Playwright Novelist Screenwriter

Vue Weekly – Resurrecting the Strand

by: Fawnda Mithrush  VUE weekly

Francois Chevennement admits he was stunned to find out that most lifelong Edmontonians have no idea where the famed Strand Theatre once stood.

“Everyone knows about it in the States, but no one in Edmonton here knows that we had the Strand,” he says, noting that some of the world’s greatest vaudeville artists once performed right there, on Jasper Avenue: “Buster Keaton, Laurel and Hardy—hello!” he quips.

Initially named the Pantages Theatre after its founder, the Strand sat on the corner of Jasper and 102 Street, beneath the Enbridge tower—a measly 12-inch plaque on the north wall is now the only mark distinguishing the historic theatre’s background.

As Citie Ballet’s artistic director, Chevennement came across the story of the Strand last year, when he was given an article about the mysterious death of the theatre’s manager, Lester Treffery.

“I wanted to present something that was really Alberta, especially Edmonton,” he explains, and the mythology surrounding the Strand intrigued him.

Though the manager’s death was never deemed a murder (Treffery was found dead at the bottom of the staircase with an apparent head injury), Chevennement notes that there was another, more symbolic death that occurred when the live vaudeville stage was changed into a film screen, and he decided to explore that shift in his next full-length ballet: Murder at the Strand.

Chevennement recruited a libretto-writer, Katherine Koller, to develop a script for the piece.
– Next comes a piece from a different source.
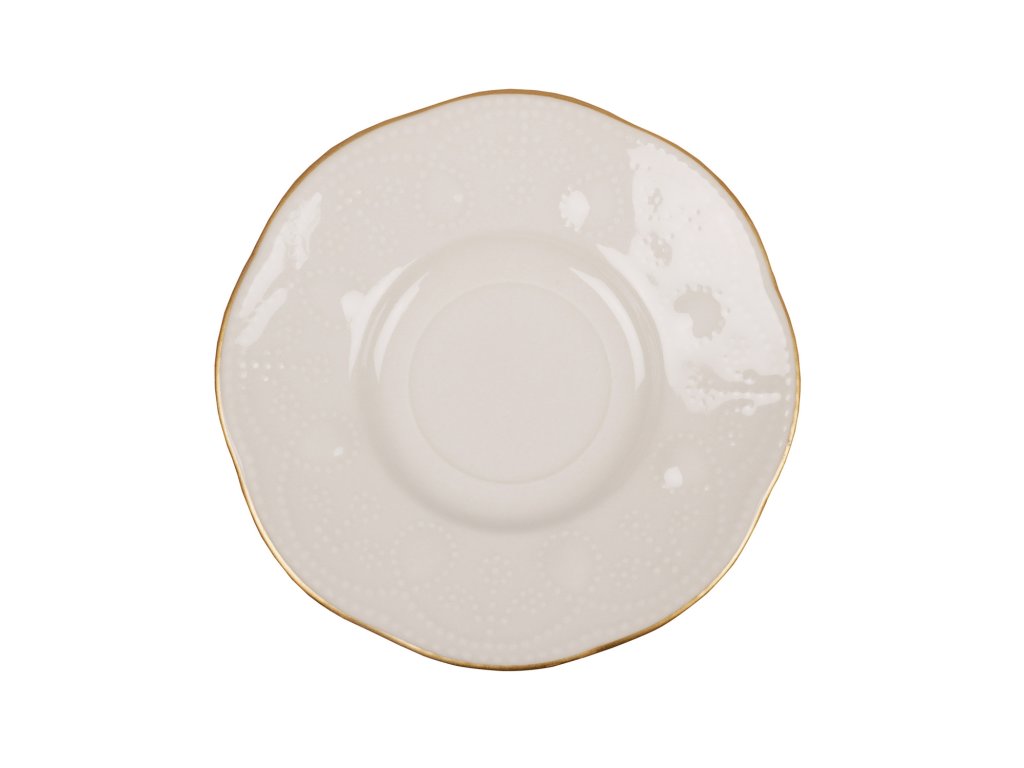 Sada šálků s podšálky je vyrobená v krémové barvě, kterou elegantně doplňuje zlatý lem na okraji každého kousku.

Along with a bit of can-can and slapstick-style shenanigans in the ballet studio, Murder began to take shape.

“In the 1920s, because moving pictures were starting to come here, people weren’t going to vaudeville anymore. They wanted to see the new technology,” says Koller. “So my goal was to build the relationship between something that we already had and was killed. The murder in the title came from that: it was the murder of live theatre.”

Incorporating new technology himself, Chevennement employed videographer Travis Fairweather to help create a film that would augment the ballet through projections—they filmed a dancer for a day in Fort Edmonton Park’s Selkirk Hotel (incidentally, the original Selkirk was right across the street from the Strand).

The characters in the piece are partly historic, partly symbolic, Chevennement says. On the historic side there’s Treffery (danced by Luke Muscat), the manager who changed the theatre’s format. Then there’s Charlie Wilson, the true-to-life longtime doorman of the Strand, played by Jason Vaz. On the fictional side, there’s Marie (Lauren O’Kell), a young dancer trying to make a name for herself by getting into the movies. She’s foiled by Aster (Danica Smith), an older, experienced dancer. “Aster is a bit of a diva, the prima ballerina,” Chevennement chuckles. Six other female dancers round out the cast, along with pianist Evan Rokeby-Thomas, who will score the show just as a pianist would have during a silent film in the roaring ’20s.

“One of the things I want to do in the piece is to give people a hint that they should not forget the past. The past helps us to evolve: you always remember what you did earlier so you can move forward,” Chevennement explains. Whatever Murder at the Strand shows audiences, there may be a few more Edmontonians who take a closer peek at the plaque on the Enbridge wall as they’re strolling down Jasper.